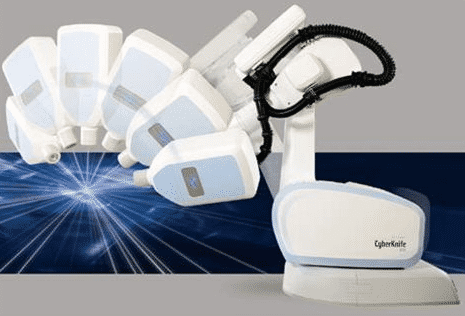 射波刀(賽博刀)是一種加載在萬向旋轉(zhuǎn)機(jī)器臂上的小型加速器,它不僅可以進(jìn)行多角度照射,更重要的是它在專門的呼吸監(jiān)控和治療引導(dǎo)的幫助下,治療精準(zhǔn)度更高,誤差更小。由于機(jī)械精度非常高,它可以幫助醫(yī)生安全地做大劑量、低分次的治療。因?yàn)槭褂玫氖俏⑿图铀倨?,所以照射照射范圍比較小。射波刀的精確度使得醫(yī)生可以安全地使用大劑量照射,周邊健康組織受到的損傷更小,患者一般只需要1到5次即可完成治療。
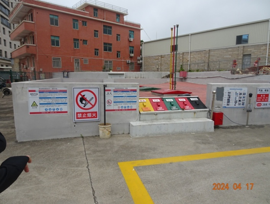 福建省晋江市新华石油加油站有限公司(加油站)位于福建省晋江市永和镇马坪村千祥园西128-1号,站区占地面积为5048.5m2。该加油站北侧为丙类厂房、机械零配件仓库(戊类仓库),南侧为县道328线,东侧为丙类厂房、民房(三类保护物)和杆装变压器,西侧为登惠酒店(民用建筑,一类保护物)和民房(三类保护物)。加油站站区东侧有一进站架空电力线和进站架空通信线,站区西侧有一进站架空电力线,均未跨越加油站的作业区。站区周围50m范围内没有重要公共场所和大型建筑物(加油站站区总平面布置情况详见附图2)。 该加油站已取得泉州市应急管理局颁发的《危险化学品经营许可证》,登记编号:闽泉晋危经[2003]000459(换),有效期:2023年05月16日至2024年08月02日。 加油站内按功能分区设有站房、加油罩棚、埋地油罐区、电动汽车充电区、停车区(15个停车位,三类保护物)和辅助区(设有一座杂物间和一个洗车棚)。 该加油站埋地油罐区设有4个室外埋地卧式油罐(双层钢制油罐),其中容量为50m3的0#柴油罐1个,容量为50m3的92#汽油罐2个,容量为50m3的95#汽油罐1个,折合油罐总容积为175m3(柴油罐容积折半计入油罐总容积),为一级加油站。该加油站已设置汽油卸油和加油油气回收系统。 |
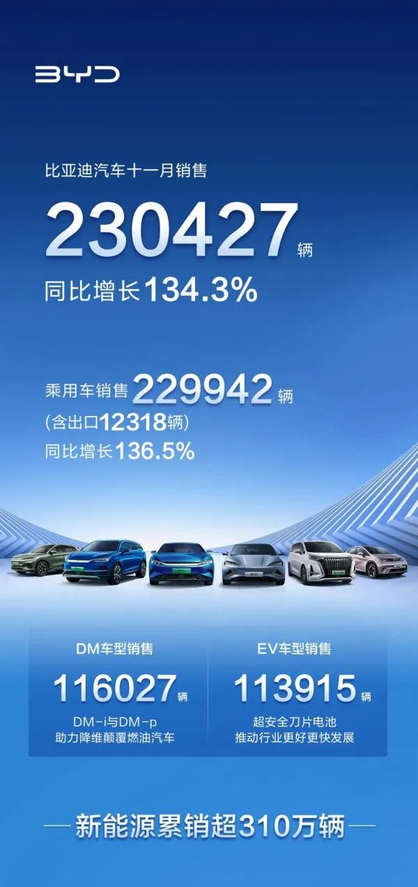 近日,部分新能源车企陆续公布了11月单月销量,比亚迪以230427辆的引领中国新能源车销量冠军榜,创中国新能源销量新高。连续3个月单月销量连续突破20万辆,部分车型的销量超过10家新势力车企的销量总和。
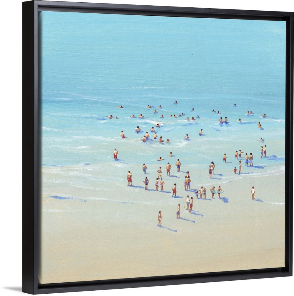 <p>Contemporary painting of an aerial view of people on a sandy beach.</p>
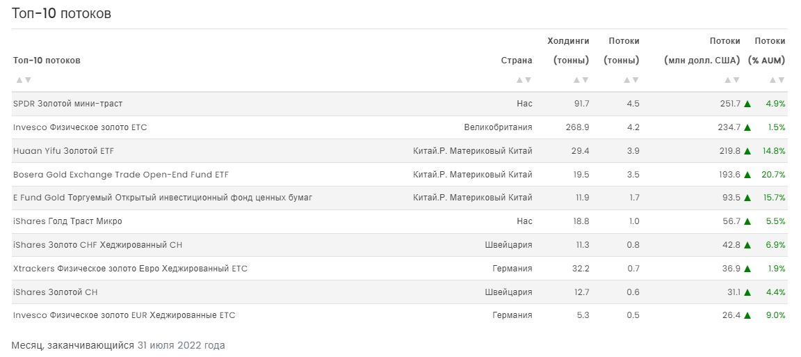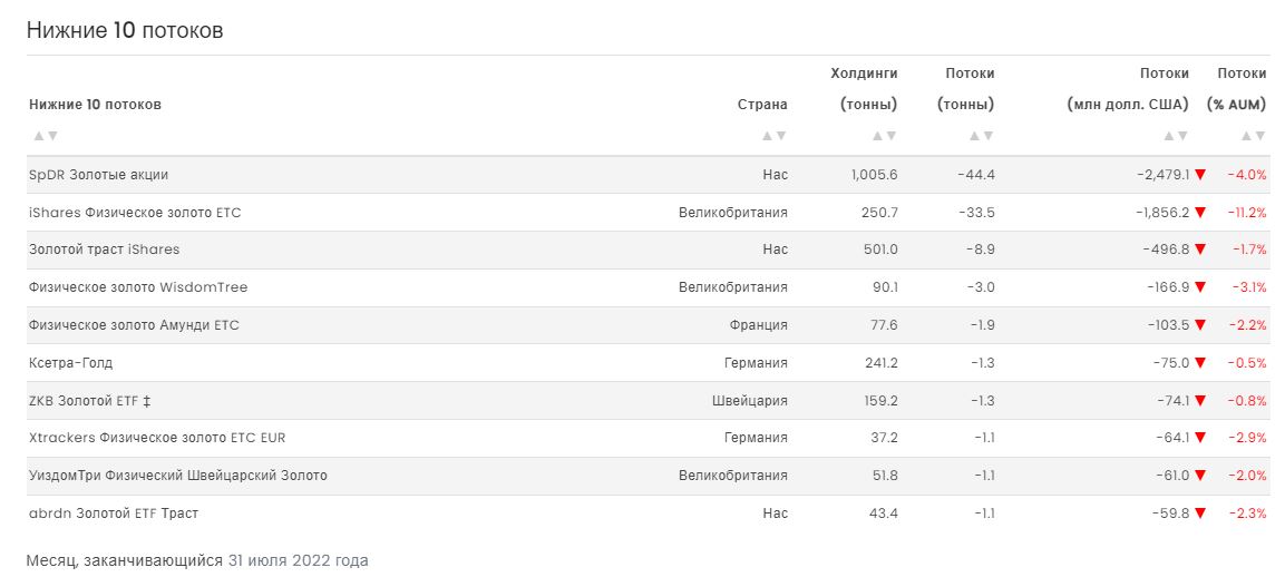 SpDR® Gold Shares и iShares Physical Gold возглавили глобальный отток в июле:

────

What the task asks: Once the pictures are removed, return the entries exactly as they stand.

Response to this task:
 射波刀(賽博刀)是一種加載在萬向旋轉(zhuǎn)機(jī)器臂上的小型加速器,它不僅可以進(jìn)行多角度照射,更重要的是它在專門的呼吸監(jiān)控和治療引導(dǎo)的幫助下,治療精準(zhǔn)度更高,誤差更小。由于機(jī)械精度非常高,它可以幫助醫(yī)生安全地做大劑量、低分次的治療。因?yàn)槭褂玫氖俏⑿图铀倨?,所以照射照射范圍比較小。射波刀的精確度使得醫(yī)生可以安全地使用大劑量照射,周邊健康組織受到的損傷更小,患者一般只需要1到5次即可完成治療。
 福建省晋江市新华石油加油站有限公司(加油站)位于福建省晋江市永和镇马坪村千祥园西128-1号,站区占地面积为5048.5m2。该加油站北侧为丙类厂房、机械零配件仓库(戊类仓库),南侧为县道328线,东侧为丙类厂房、民房(三类保护物)和杆装变压器,西侧为登惠酒店(民用建筑,一类保护物)和民房(三类保护物)。加油站站区东侧有一进站架空电力线和进站架空通信线,站区西侧有一进站架空电力线,均未跨越加油站的作业区。站区周围50m范围内没有重要公共场所和大型建筑物(加油站站区总平面布置情况详见附图2)。 该加油站已取得泉州市应急管理局颁发的《危险化学品经营许可证》,登记编号:闽泉晋危经[2003]000459(换),有效期:2023年05月16日至2024年08月02日。 加油站内按功能分区设有站房、加油罩棚、埋地油罐区、电动汽车充电区、停车区(15个停车位,三类保护物)和辅助区(设有一座杂物间和一个洗车棚)。 该加油站埋地油罐区设有4个室外埋地卧式油罐(双层钢制油罐),其中容量为50m3的0#柴油罐1个,容量为50m3的92#汽油罐2个,容量为50m3的95#汽油罐1个,折合油罐总容积为175m3(柴油罐容积折半计入油罐总容积),为一级加油站。该加油站已设置汽油卸油和加油油气回收系统。 |
 近日,部分新能源车企陆续公布了11月单月销量,比亚迪以230427辆的引领中国新能源车销量冠军榜,创中国新能源销量新高。连续3个月单月销量连续突破20万辆,部分车型的销量超过10家新势力车企的销量总和。
 <p>Contemporary painting of an aerial view of people on a sandy beach.</p>
 SpDR® Gold Shares и iShares Physical Gold возглавили глобальный отток в июле:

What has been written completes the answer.